Problem description:
Pictures in the entries below are excluded; copy only the lines from the one containing "魏進平圍繞大力弘揚教育家精神" to the one containing "DIGITUS USB 2.0", both included.

Task input:

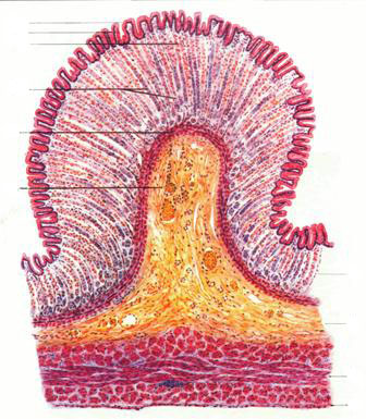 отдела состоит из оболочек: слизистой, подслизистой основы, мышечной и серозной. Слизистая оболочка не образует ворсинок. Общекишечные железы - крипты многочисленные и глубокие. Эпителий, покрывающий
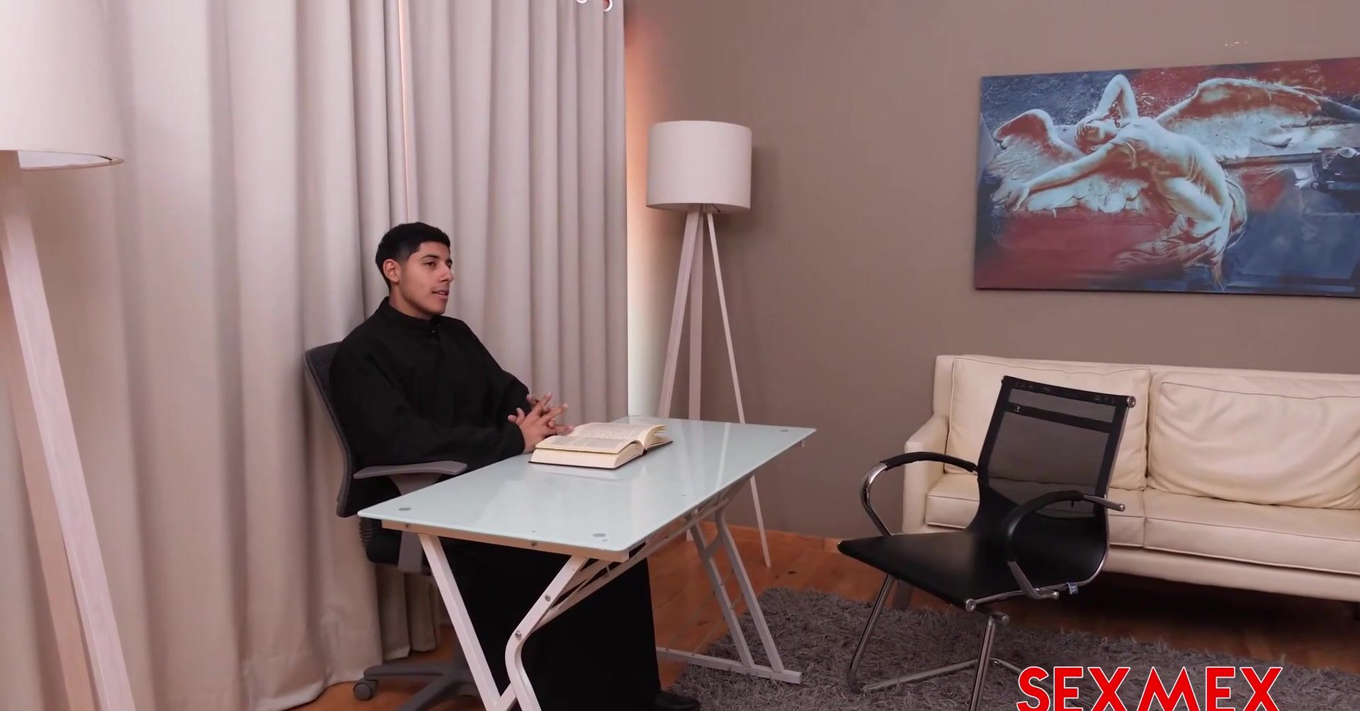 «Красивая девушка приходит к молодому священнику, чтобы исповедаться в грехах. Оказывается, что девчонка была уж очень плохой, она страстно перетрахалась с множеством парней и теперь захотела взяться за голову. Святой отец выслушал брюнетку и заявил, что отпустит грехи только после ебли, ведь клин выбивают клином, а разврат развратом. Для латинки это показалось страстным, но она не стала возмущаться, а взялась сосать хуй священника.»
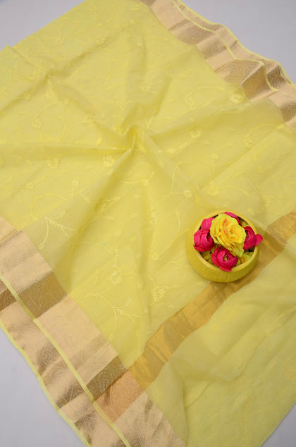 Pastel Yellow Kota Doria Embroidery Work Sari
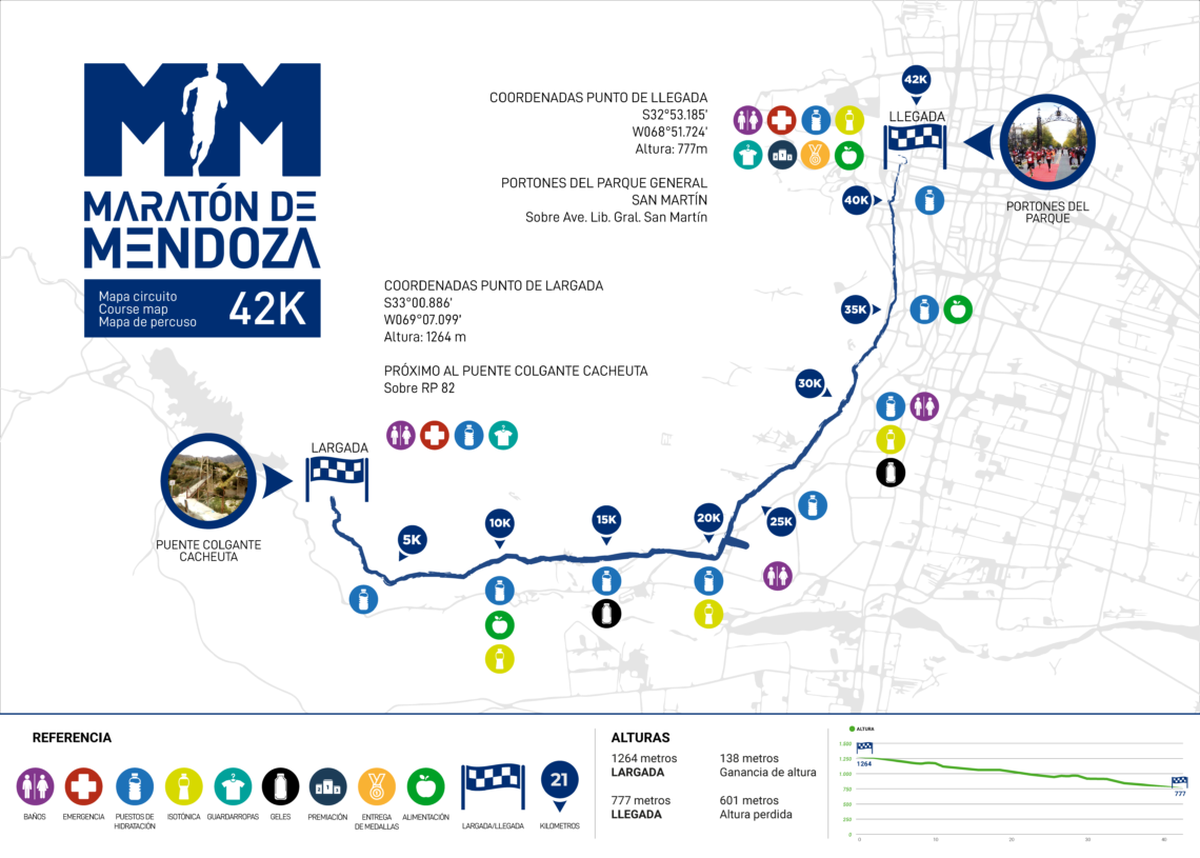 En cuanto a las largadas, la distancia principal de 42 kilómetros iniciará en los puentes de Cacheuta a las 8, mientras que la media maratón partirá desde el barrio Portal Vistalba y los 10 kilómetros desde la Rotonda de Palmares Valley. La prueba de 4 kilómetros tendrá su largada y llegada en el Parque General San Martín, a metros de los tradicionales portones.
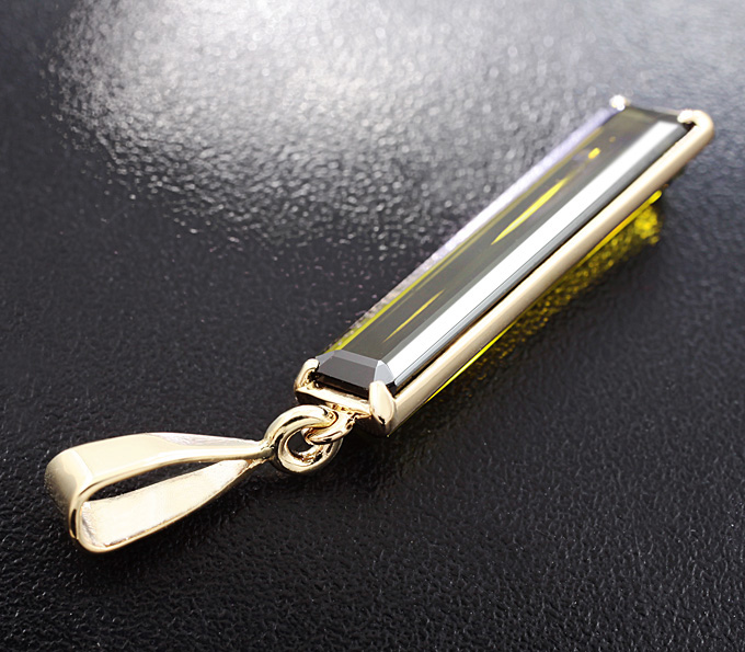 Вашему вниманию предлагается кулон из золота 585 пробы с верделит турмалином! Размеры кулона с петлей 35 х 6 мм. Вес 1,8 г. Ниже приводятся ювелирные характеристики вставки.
...
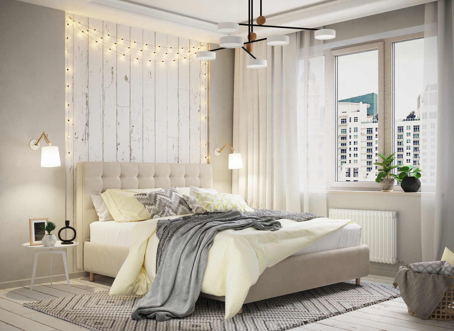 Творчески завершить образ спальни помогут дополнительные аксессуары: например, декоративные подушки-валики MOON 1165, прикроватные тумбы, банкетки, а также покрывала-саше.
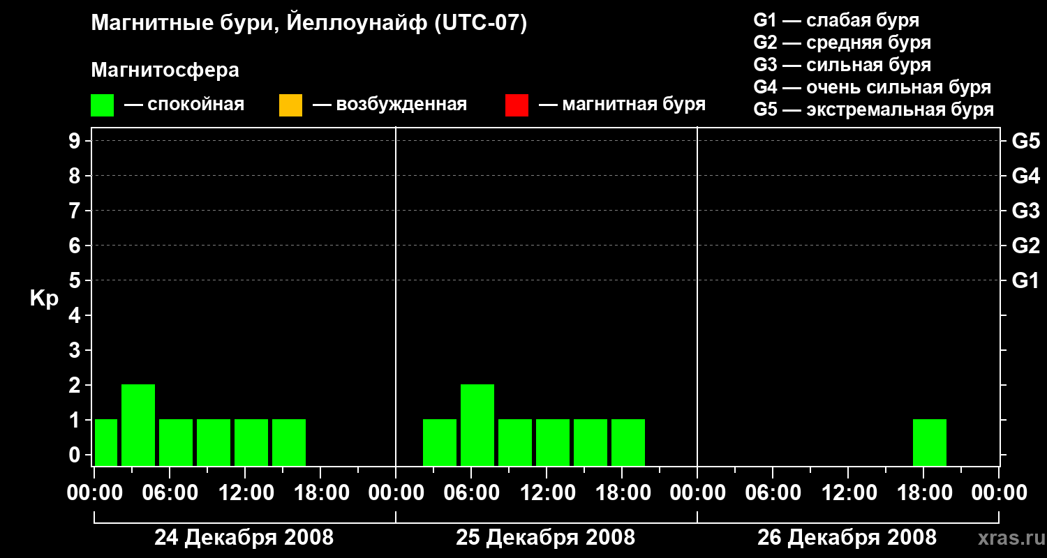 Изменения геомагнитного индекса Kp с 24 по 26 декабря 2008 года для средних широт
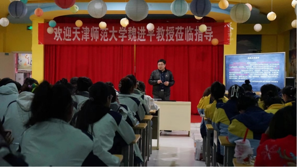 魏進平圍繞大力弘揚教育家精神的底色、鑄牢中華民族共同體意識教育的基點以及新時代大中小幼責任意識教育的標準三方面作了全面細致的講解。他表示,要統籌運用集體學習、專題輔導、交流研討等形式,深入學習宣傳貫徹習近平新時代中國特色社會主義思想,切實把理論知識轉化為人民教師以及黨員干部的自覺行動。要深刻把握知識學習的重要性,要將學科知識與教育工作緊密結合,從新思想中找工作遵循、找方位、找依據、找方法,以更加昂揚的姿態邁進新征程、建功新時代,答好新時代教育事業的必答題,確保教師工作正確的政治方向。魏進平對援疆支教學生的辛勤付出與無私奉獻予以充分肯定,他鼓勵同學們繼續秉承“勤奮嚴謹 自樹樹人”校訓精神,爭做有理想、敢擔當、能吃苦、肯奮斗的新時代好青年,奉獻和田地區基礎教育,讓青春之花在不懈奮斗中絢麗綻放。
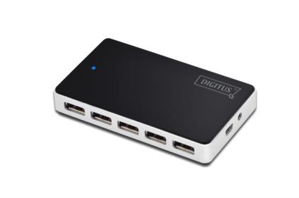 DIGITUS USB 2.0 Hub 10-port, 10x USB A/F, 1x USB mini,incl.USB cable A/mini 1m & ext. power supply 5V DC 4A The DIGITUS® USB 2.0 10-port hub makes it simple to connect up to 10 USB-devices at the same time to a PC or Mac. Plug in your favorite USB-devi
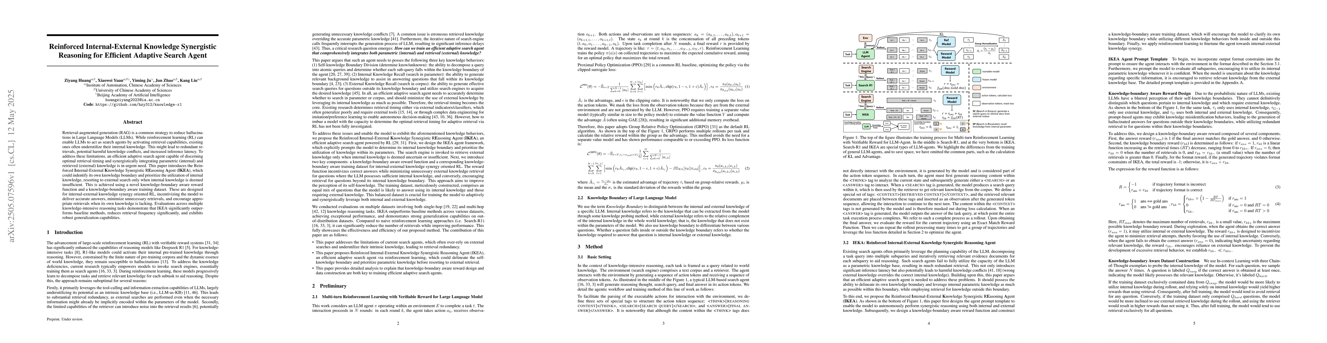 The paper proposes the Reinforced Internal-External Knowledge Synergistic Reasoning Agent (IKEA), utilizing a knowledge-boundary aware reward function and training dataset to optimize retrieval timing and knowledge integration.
--
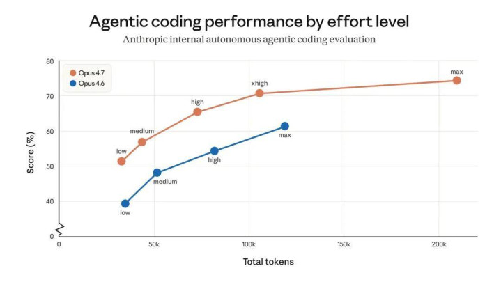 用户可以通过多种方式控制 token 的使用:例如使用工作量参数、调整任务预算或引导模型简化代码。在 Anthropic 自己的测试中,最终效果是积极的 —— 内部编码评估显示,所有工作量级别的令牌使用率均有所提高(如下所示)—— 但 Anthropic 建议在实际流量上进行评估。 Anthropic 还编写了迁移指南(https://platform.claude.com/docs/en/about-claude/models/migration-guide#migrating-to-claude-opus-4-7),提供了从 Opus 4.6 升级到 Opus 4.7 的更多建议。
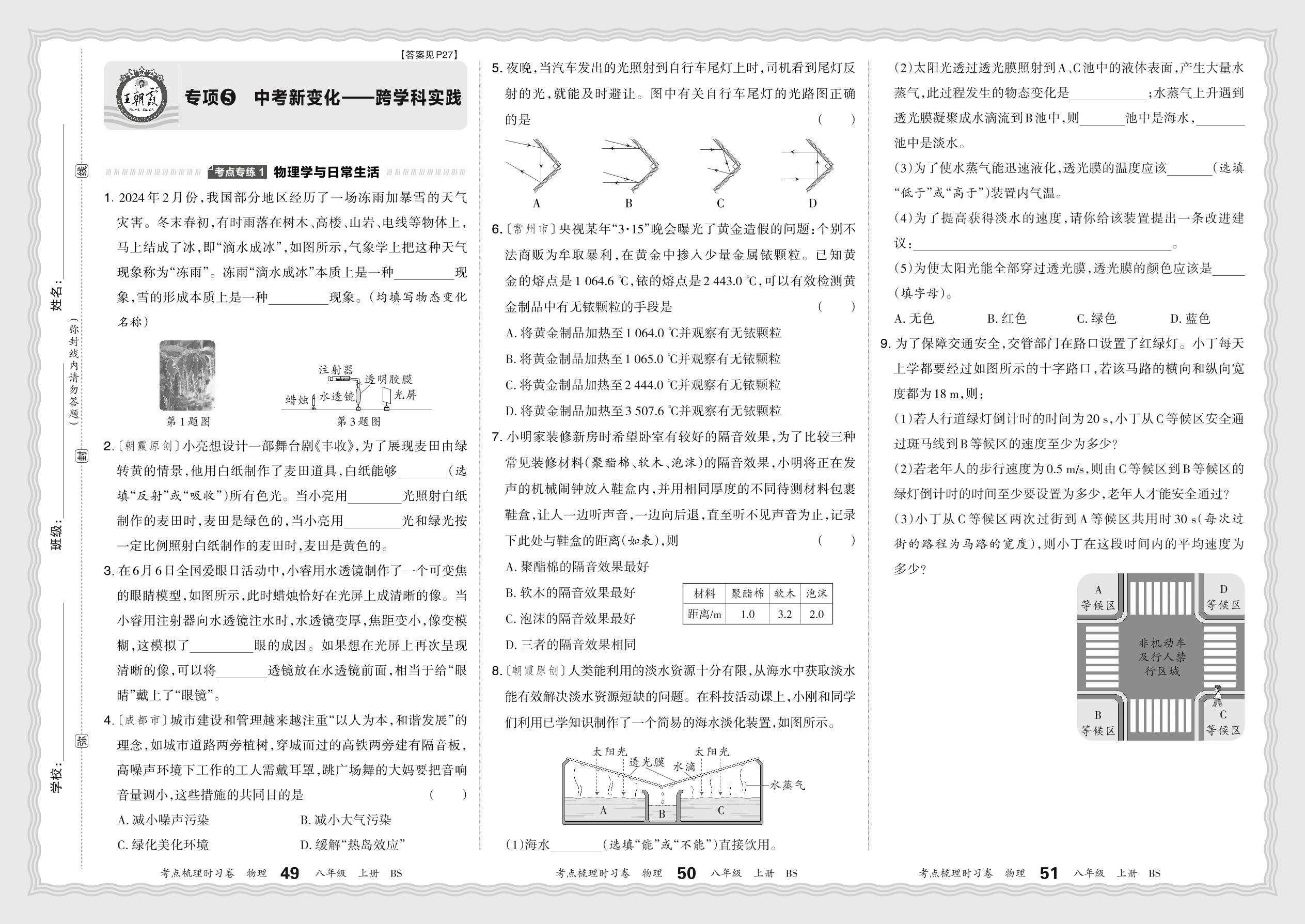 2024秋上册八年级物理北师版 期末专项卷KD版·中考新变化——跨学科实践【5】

Result:
 魏進平圍繞大力弘揚教育家精神的底色、鑄牢中華民族共同體意識教育的基點以及新時代大中小幼責任意識教育的標準三方面作了全面細致的講解。他表示,要統籌運用集體學習、專題輔導、交流研討等形式,深入學習宣傳貫徹習近平新時代中國特色社會主義思想,切實把理論知識轉化為人民教師以及黨員干部的自覺行動。要深刻把握知識學習的重要性,要將學科知識與教育工作緊密結合,從新思想中找工作遵循、找方位、找依據、找方法,以更加昂揚的姿態邁進新征程、建功新時代,答好新時代教育事業的必答題,確保教師工作正確的政治方向。魏進平對援疆支教學生的辛勤付出與無私奉獻予以充分肯定,他鼓勵同學們繼續秉承“勤奮嚴謹 自樹樹人”校訓精神,爭做有理想、敢擔當、能吃苦、肯奮斗的新時代好青年,奉獻和田地區基礎教育,讓青春之花在不懈奮斗中絢麗綻放。
 DIGITUS USB 2.0 Hub 10-port, 10x USB A/F, 1x USB mini,incl.USB cable A/mini 1m & ext. power supply 5V DC 4A The DIGITUS® USB 2.0 10-port hub makes it simple to connect up to 10 USB-devices at the same time to a PC or Mac. Plug in your favorite USB-devi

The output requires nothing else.